[Start of section]
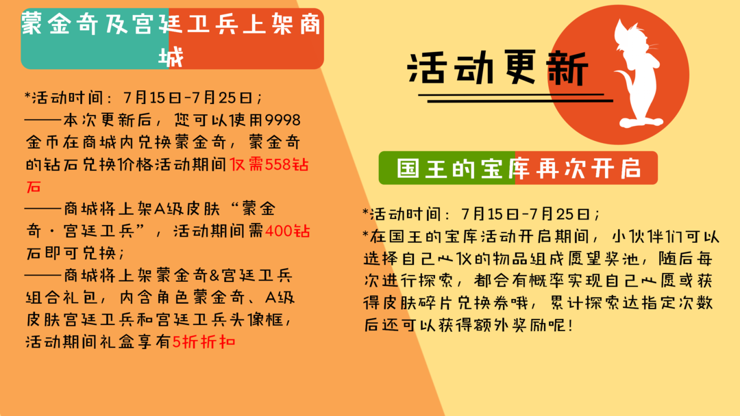 *商城将上架蒙金奇&宫廷卫兵组合礼包,内含角色蒙金奇、A级皮肤宫廷卫兵和宫廷卫兵头像框,礼包的钻石兑换价格1598,活动期间礼盒享有5折折扣,钻石兑换折扣价仅需799,购买礼包更划算哟~
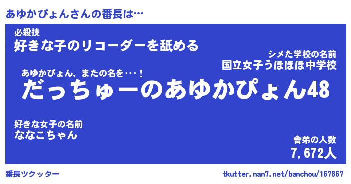 | 伝説のあだ名 | 『伝説のスナイパーあゆかぴょん』 |
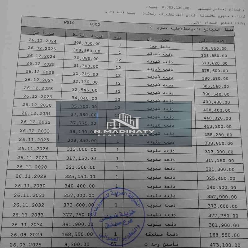 إجمالي عقد 8,300,000 بالتقسيط علي 10 سنوات
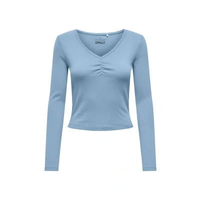 ONLY Onlbetty LIFE L/S Scallop Vneck Long sleeved top, Women's, Size: Medium, Soft chambray
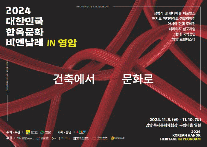 ‘건축에서 문화로’를 구호로 8일부터 10일 영암군이, 군서면 구림마을의 목재문화체험장과 도기박물관 등에서 ‘2024 대한민국 한옥문화 비엔날레’를 개최한다.
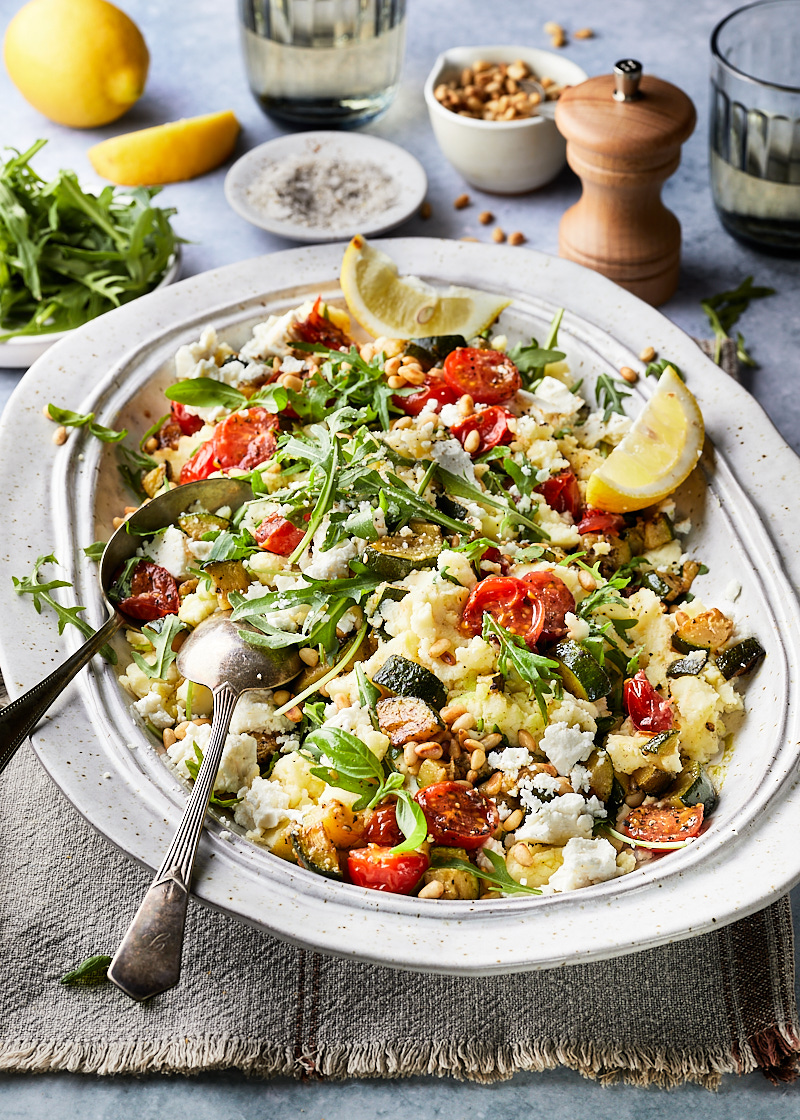 Stamp de gekookte aardappelen met een pureestamper tot een smeuïge puree met de roomkaas, citroenrasp en -sap. Breng verder op smaak met peper en zout. Meng de rucola, courgette, tomaatjes en verkruimelde feta voorzichtig door de puree.
[End of section]
§ Directions for this task
It would help to have the listing above repeated exactly, with all images removed.

§ Response area
 *商城将上架蒙金奇&宫廷卫兵组合礼包,内含角色蒙金奇、A级皮肤宫廷卫兵和宫廷卫兵头像框,礼包的钻石兑换价格1598,活动期间礼盒享有5折折扣,钻石兑换折扣价仅需799,购买礼包更划算哟~
 | 伝説のあだ名 | 『伝説のスナイパーあゆかぴょん』 |
 إجمالي عقد 8,300,000 بالتقسيط علي 10 سنوات
 ONLY Onlbetty LIFE L/S Scallop Vneck Long sleeved top, Women's, Size: Medium, Soft chambray
 ‘건축에서 문화로’를 구호로 8일부터 10일 영암군이, 군서면 구림마을의 목재문화체험장과 도기박물관 등에서 ‘2024 대한민국 한옥문화 비엔날레’를 개최한다.
 Stamp de gekookte aardappelen met een pureestamper tot een smeuïge puree met de roomkaas, citroenrasp en -sap. Breng verder op smaak met peper en zout. Meng de rucola, courgette, tomaatjes en verkruimelde feta voorzichtig door de puree.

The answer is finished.